March 27, 2019 01:43 PM / ARM Research
MPC Springs A Dovish Surprise
The CBN Monetary Policy Committee (MPC) voted to cut the key benchmark interest rate by 50bps to 13.5%, taking the Standing Lending Facility and standing deposit facility to 15.5% and 8.5% respectively. The decision was surprising in that ARM Research and most analysts surveyed by Bloomberg anticipated no change in policy parameters. The MPC also switched its policy stance to ‘easing’ from ‘neutral’, which was a majority decision. What’s more amazing though is the sharp swing in the policy perception within the MPC members. Until yesterday’s meeting, majority of the members expressed caution on exchange rate stability and inflation and advocated for a neutral stance in the last four (4) meetings noting the risk to price and currency stability. Yesterday, 9 out 11 members voted for a rate cut, though only 6 members voted for a 50bps rate cut.
In the justification for a rate cut, the committee expressed satisfaction with the relative stability in the price level and exchange rate, and thus sought to support growth. Particularly, following the calm outcome of the general election together with the recent resurgence of foreign portfolio investment1 into the country and continued deceleration in inflation reading, the CBN thought it imperative to signal a new direction.
While recent activities by the apex bank on the OMO leg have signaled a dovish stance of the monetary policy, but a definitive cut of the benchmark rate (which had been rendered ineffective for more than 2 years) was a hard call at our end as the committee’s constant call for caution while expressing the near term risk to price and currency stability suggested a neutral stance for the rest of the year. For context, while recent inflows in the FX market should have necessitated an appreciation in the naira, the CBN continues to opt for prolonged stability.
FX and Price Stability Provided The Headroom
After a tumultuous end in 2018 following spate of capital repatriation and paucity of flows, the foreign exchange market took a breather over Q1 2019 with a rebound in foreign portfolio inflows. Total FPI inflow over the period expanded 3x QoQ and 47% YoY to $7.6 billion (which on average accounts for 88% of total foreign inflows), far higher than total inflows over the second half of 2018. Consequently, the intervention by the CBN shrank to $1.2 billion compared $3.6 billion in Q4 18, with a slight depletion in the external reserve by $540 million in Q1 19 ($2.9 billion in Q4 18).
On consumer prices, we have seen relative improvement in the first two months of 2019 with inflation rate moderating by 7bps MoM, relative to an average increase of 9bps over the last two months in 2018. Clearly, the downtrend in energy and food prices played a major role in driving the moderation observed thus far.
Will The Cut Really Support Growth?
Although the MPC anchored its decision on the need to support growth by way of encouraging credit flow to the productive sectors of the economy, we hold a different view on the impact on bank lending.

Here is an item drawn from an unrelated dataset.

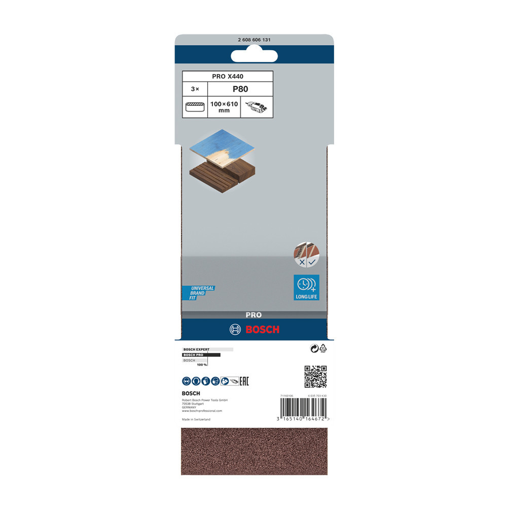 Bosch PRO X440 csiszolószalag, 100x610 mm, G80 3 db, keményfa, tömörfa, festék

Our view is based on the inelastic nature of bank’s lending rate to the benchmark rate. For context, despite MPR staying unchanged over the past two years, we have seen DMBs reprice their loan rates according to prevailing fixed income yields. Furthermore, a 50-bps cut to the average prime lending rate (16.05%) appears insignificant. We reckon that for the MPR to drive growth as anticipated by the MPC, the CBN will have to do more in lowering the OMO rates with a transmission into effective yields on other treasury assets. As such, if the MPC really follows through on its second mandate of supporting growth, we do not rule out the possibility of a further cut in the near term and a faster cut in subsequent OMO rates.

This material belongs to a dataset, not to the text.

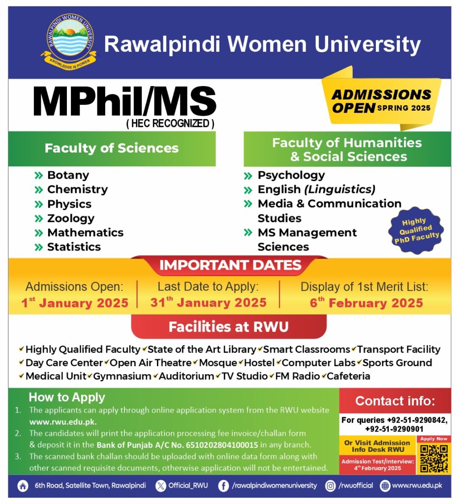 2nd Merit List for MPHIL. of Admission Fall 2025

What Is The Signal for OMO?
In the near term, cross examination of various interlocking variables that anchors CBN’s monetary policy direction suggests that there exist room for moderation in OMO rates. For context, barring fresh shocks to the core and food basket from a possible hike in PMS price, Nigeria’s headline inflation seems to be on a downward spiral over 2019. With the steady flows at the IEW, at least before upsurge in maturity and possible reversal toward the end of the year, the case for naira stability remain strong. As such, the possibility of further cuts in OMO rates appears justified. However, we expect effective yield on OMO to bottom out at 14.2% (with a stop rate of ~12.4% for the one-year OMO bill) as further reduction to OMO rates would appear unattractive for foreign investors. Our view is premised on inflation differentials between Nigeria and US, credit default swap as well as alternative US return forgone.
Post the lower maturity era (April – August), we believe the apex bank will grapple with spate of repatriations, as we believe current yields will not be enough to induce reinvestment of maturing funds. As a result, we see a slight upward adjustment to the OMO rate to avoid a repeat of the spate of outflows in H2 2018.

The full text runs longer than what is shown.